Zusammenfassend haben wir die Essenz eines computergestützten Agenten implementiert, der zu autonomem Denken und Interaktion fähig ist. Wir erleben, wie lokale Sprachmodelle wie Flan-T5 die Automatisierung auf Desktop-Ebene in einer sicheren, textbasierten Sandbox wirkungsvoll simulieren können. Dieses Projekt hilft uns, die Architektur hinter intelligenten Agenten zu verstehen, beispielsweise denen in Pc-Agenten, indem es das Denken in natürlicher Sprache mit der Steuerung virtueller Werkzeuge verbindet. Es schafft eine solide Grundlage für die Ausweitung dieser Fähigkeiten auf reale, multimodale und sichere Automatisierungssysteme.
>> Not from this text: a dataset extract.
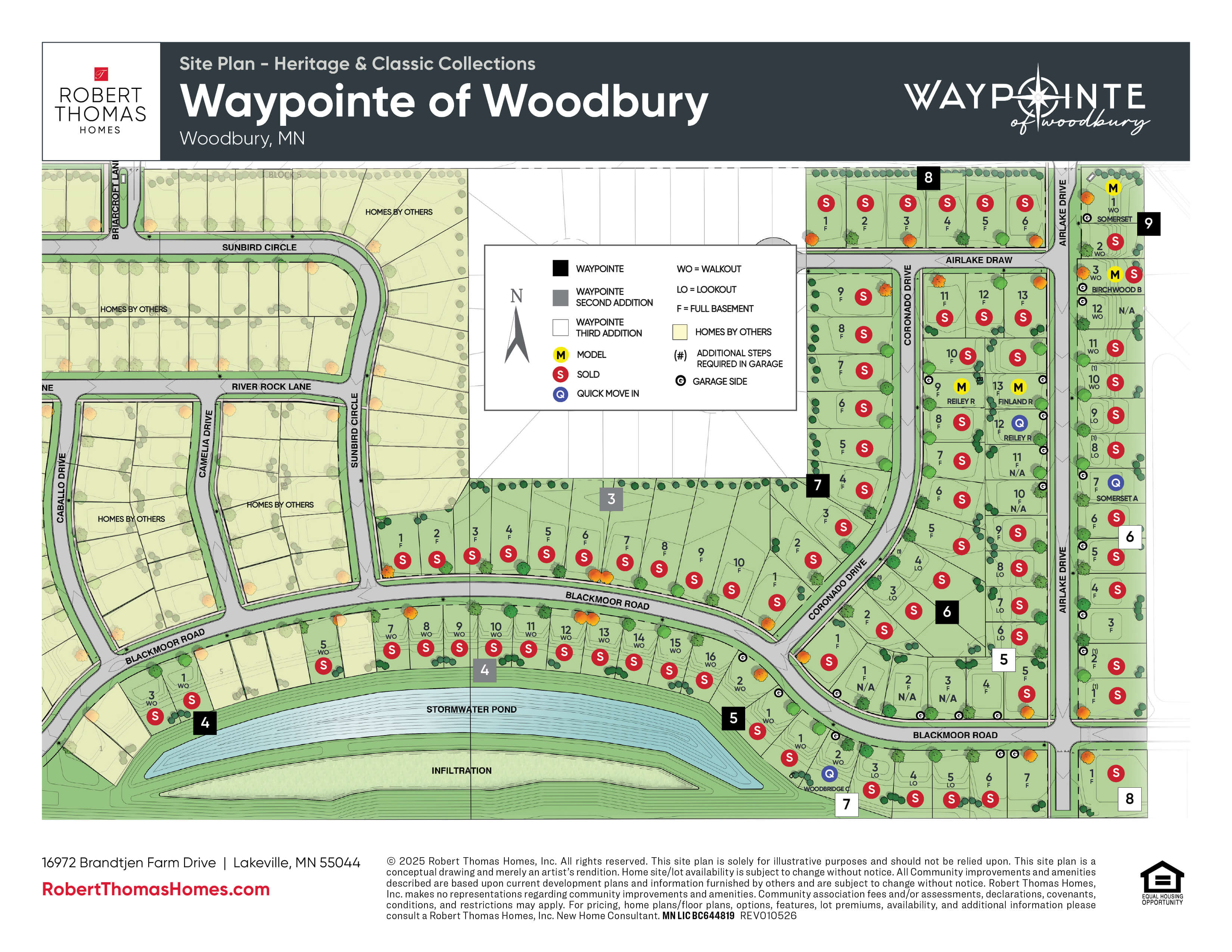 The thoughtfully designed development offers homesites nestled amongst open green spaces, tree-lined streets, and a large pond. Sidewalks and a trail system connect the neighborhood to the future Central Greenway regional trail along Woodbury Drive. Waypointe of Woodbury has convenient access to East Ridge High School and HealthEast Sports Center.

Schauen Sie sich das an VOLLSTÄNDIGE CODES hier. Schauen Sie sich gerne bei uns um GitHub-Seite für Tutorials, Codes und Notebooks. Sie können uns auch gerne weiter folgen Twitter und vergessen Sie nicht, bei uns mitzumachen 100.000+ ML SubReddit und Abonnieren Unser E-newsletter. Warten! Bist du im Telegram? Jetzt können Sie uns auch per Telegram kontaktieren.
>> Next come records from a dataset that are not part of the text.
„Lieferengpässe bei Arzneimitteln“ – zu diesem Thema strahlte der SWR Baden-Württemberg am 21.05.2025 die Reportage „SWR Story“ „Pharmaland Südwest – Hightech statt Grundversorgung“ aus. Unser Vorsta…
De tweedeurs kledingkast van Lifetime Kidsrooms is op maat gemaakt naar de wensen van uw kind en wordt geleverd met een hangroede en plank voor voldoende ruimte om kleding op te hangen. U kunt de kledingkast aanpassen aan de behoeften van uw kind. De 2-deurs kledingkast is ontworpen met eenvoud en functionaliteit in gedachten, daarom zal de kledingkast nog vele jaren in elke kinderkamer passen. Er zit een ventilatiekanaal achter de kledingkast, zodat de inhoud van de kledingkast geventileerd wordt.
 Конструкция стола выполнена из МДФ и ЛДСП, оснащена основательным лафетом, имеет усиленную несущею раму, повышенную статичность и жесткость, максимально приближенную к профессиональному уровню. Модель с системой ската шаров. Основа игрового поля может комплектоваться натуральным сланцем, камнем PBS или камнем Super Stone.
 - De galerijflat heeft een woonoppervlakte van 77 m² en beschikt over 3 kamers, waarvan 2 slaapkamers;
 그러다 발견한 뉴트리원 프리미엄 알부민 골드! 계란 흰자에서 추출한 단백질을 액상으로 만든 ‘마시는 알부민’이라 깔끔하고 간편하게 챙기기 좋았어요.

Asif Razzaq ist CEO von Marktechpost Media Inc.. Als visionärer Unternehmer und Ingenieur setzt sich Asif dafür ein, das Potenzial der künstlichen Intelligenz für das soziale Wohl zu nutzen. Sein jüngstes Unterfangen ist die Einführung einer Medienplattform für künstliche Intelligenz, Marktechpost, die sich durch eine ausführliche Berichterstattung über maschinelles Lernen und Deep-Studying-Nachrichten auszeichnet, die sowohl technisch fundiert als auch für ein breites Publikum leicht verständlich ist. Die Plattform verfügt über mehr als 2 Millionen monatliche Aufrufe, was ihre Beliebtheit beim Publikum verdeutlicht.